In light of the real science, we wonder if the ordinance will actually mislead consumers with point of sale requirements implicitly suggesting that some phones are "safer" than others based on radiofrequency (RF) emissions. In fact, all phones sold in the U.S. must comply with the Federal Communications Commission's safety standards for RF emissions.  

BPA Update- Part II

Yesterday, we posted about events in the MDL.  Today, the science, and it probably shouldn’t surprise readers of MassTortDefense that studies suggesting a product bears some risk get far more media attention than studies showing a product is safe, even when the latter are more rigorous. Similarly, studies funded by industry are dismissed by the media as hopelessly biased, as if product sellers have no interest in exploring their products, but studies from a pro-plaintiff, pro-litigation, anti-business, pro-regulation, big government biased interest group are deemed “neutral.”

Such continues to be the case with BPA. Consumer Union came out with a report of BPA levels detectable in 19 canned foods. They admitted that the study was limited and that the tests only “convey a snapshot of the marketplace and do not provide a general conclusion about the levels of BPA in any particular brand or type of product tested.”  Levels in the same product purchased at different types or places or in other brands of similar foods might differ from CU test results, they acknowledged. Published reports have noted that the group refuses to release the names of the external laboratories they used for testing; and the "study" would not have been published in a peer-reviewed scientific journal without a detailed description of the analytical methods used. The CU also apparently relies on animal studies in which the animals were injected with BPA, instead of ingesting it. Basic toxicology would indicate that the route of administration is important.

However, BPA has been confirmed as safe for use in food contact materials by the world’s major regulatory agencies. The food contact materials in your supermarket, including epoxy can linings, meet current regulatory standards, and as importantly, actually enhance food safety and extend product shelf life.

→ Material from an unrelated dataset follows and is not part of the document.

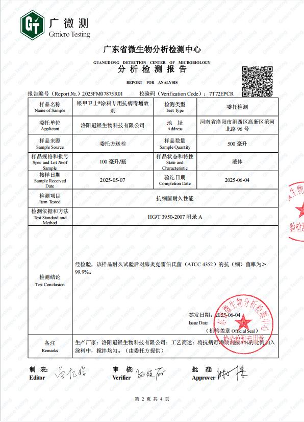 冠银生物以其在银离子行业应用领域的技术优势,参与编制了涂料行业国家标准GB/T21866《涂膜抗病毒活性和抗菌性测定法》,并将于近期发布实施。这体现了冠银生物在涂料银离子应用方面的专 业性,也为未来在涂料行业的拓展应用奠定了坚实基础。

Thus, BPA-based epoxy coatings in metal packaging provide important and measurable health benefits by reducing the potential for the serious and often deadly effects from food-borne illnesses. This packaging enables the high-temperature sterilization of food products when initially packaged and continuously protects against microbial contaminants. The head-long rush by a few zealots to ban BPA overlooks the need to balance this factor.

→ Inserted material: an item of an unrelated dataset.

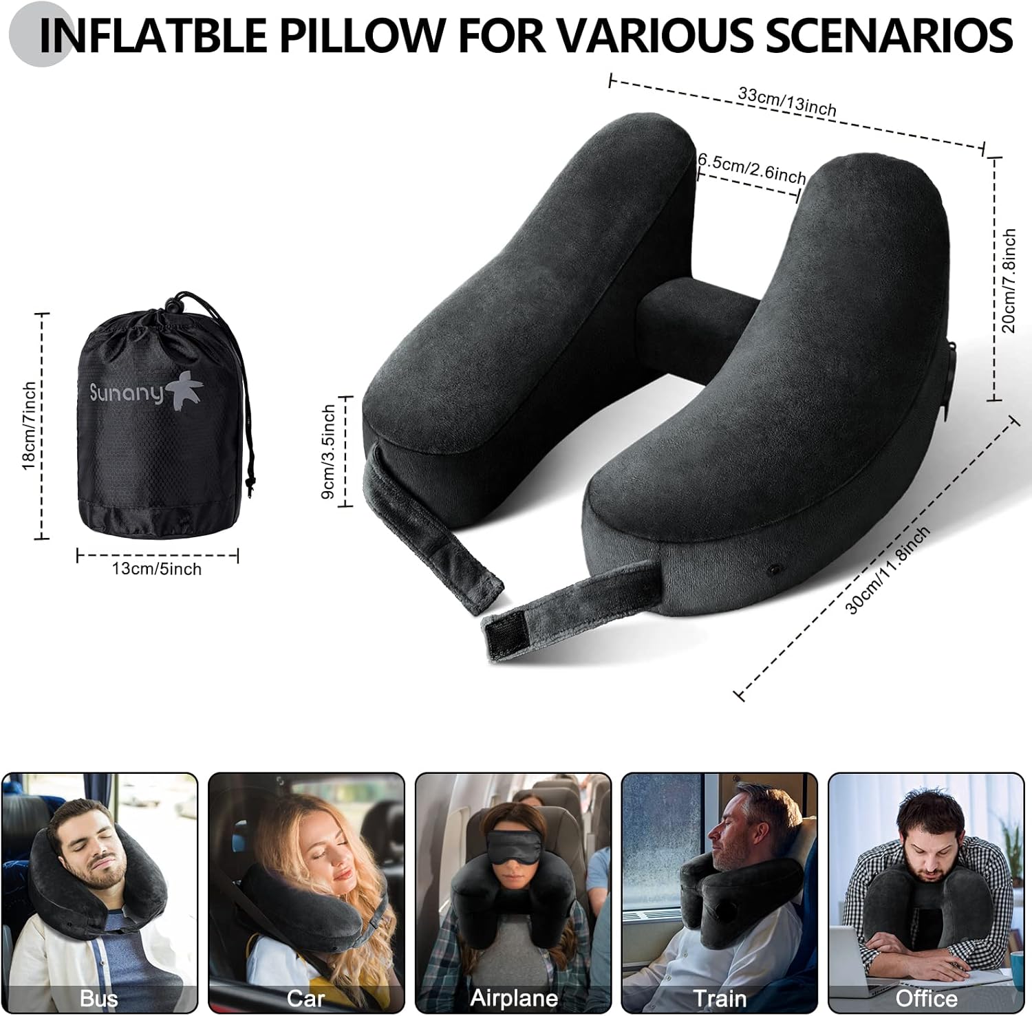 Sunany Neck Pillow for Travel Inflatable Airplane Pillow Comfortably Supports Head, Neck and Chin, Inflatable Travel Pillow with Soft Velour Cover and Portable Drawstring Bag (Black)

The levels CU says it detected are substantially below the advisory level of 600 parts per billion established by the European Union as a level of safe consumption for all ages, and below current U.S. guidelines that establish the daily upper limit of safe exposure as 50 micrograms per kilogram of body weight. They thus do not pose a health risk to consumers, of all ages.

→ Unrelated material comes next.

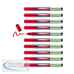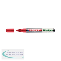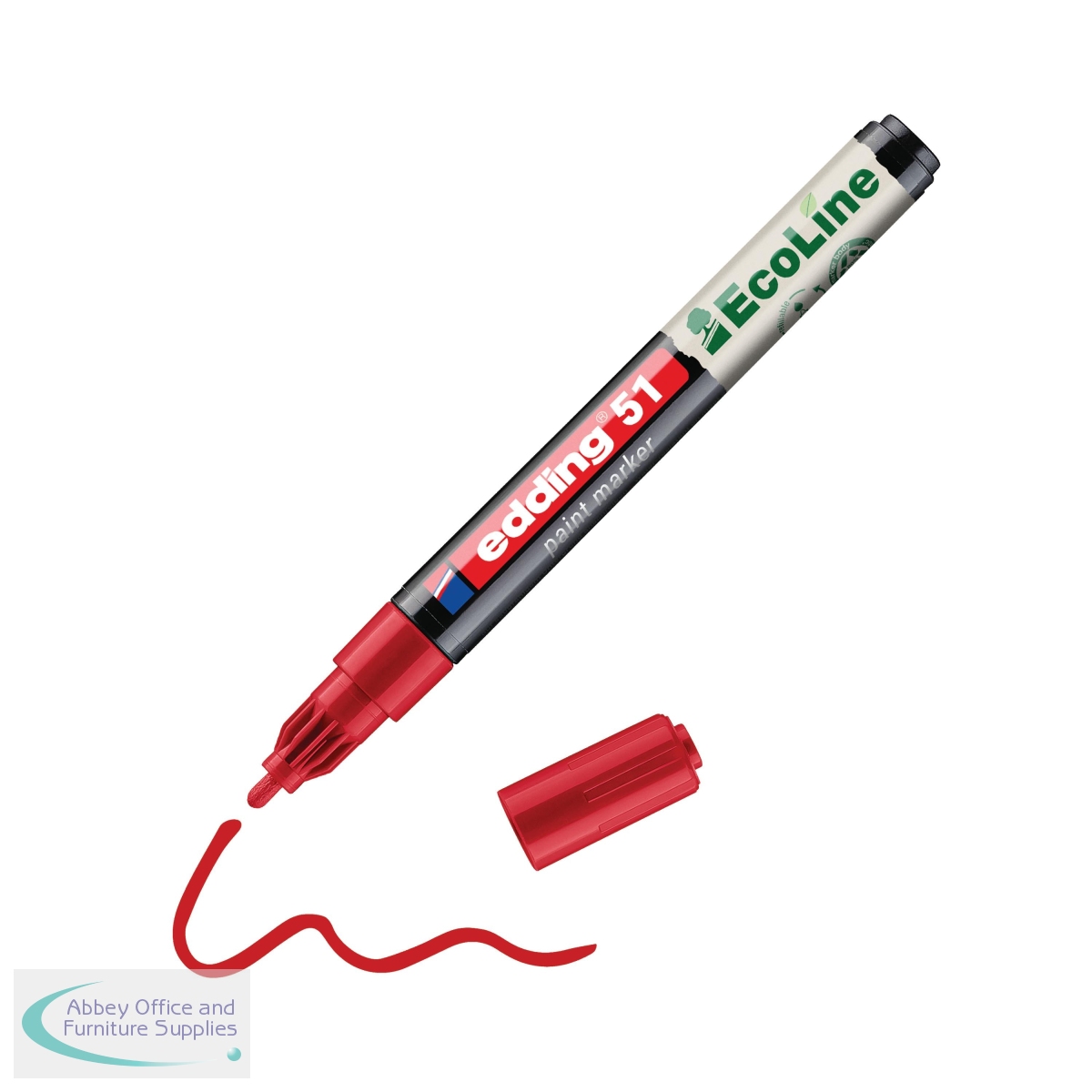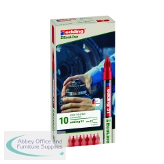 The edding 51 EcoLine paint marker combines professional quality with a strong commitment to sustainability for those who demand uncompromising performance. Its water-based paint ink delivers high opacity and enables permanent marking on a wide range of smooth surfaces, including glass, metal and plastic, as well as on dark or transparent materials. The ink dries quickly and is waterproof and lightfast, making it ideal for both indoor and outdoor use. The 1-2mm round nib ensures clean, consistent lines. The odourless ink is free from toluene and xylene and contains only low levels of volatile organic compounds (VOCs), making it pleasant and safe to use. For added longevity, the marker is refillable with edding LT 25 refill ink (Sold separately). Supplied in a pack of 10 red marker pens in a folding case.

The media gave far less attention to a study released that is a significant development in better understanding the safety of BPA. See Ryan, et al., In Utero and Lactational Exposure to Bisphenol A, in contrast to Ethinyl Estradiol, Does not Alter Sexually Dimorphic Behavior, Puberty, Fertility and Anatomy of Female LE Rats (Toxicological Sciences 2009). The study was sponsored by the Environmental Protection Agency. The study conclusion states: “The lack of effect of BPA on female and male rat offspring after oral exposure to low doses in our studies is consistent with the lack of adverse effects on growth, vaginal opening, fertility and fecundity of low doses of BPA in several other robust, well designed, properly analyzed multigenerational studies (Cagen, et al.,1999; Ema, et al., 2001; Tinwell, et al., 2002; Tyl, et al., 2002).”  This new rodent study thus finds that low-dose exposures to BPA showed no effects on the broad range of reproductive functions and behavioral activities measured. Well-conducted, peer-reviewed studies such as this should provide the basis for reasoned government assessments and regulatory decisions -- not the murky at best, results driven CU report.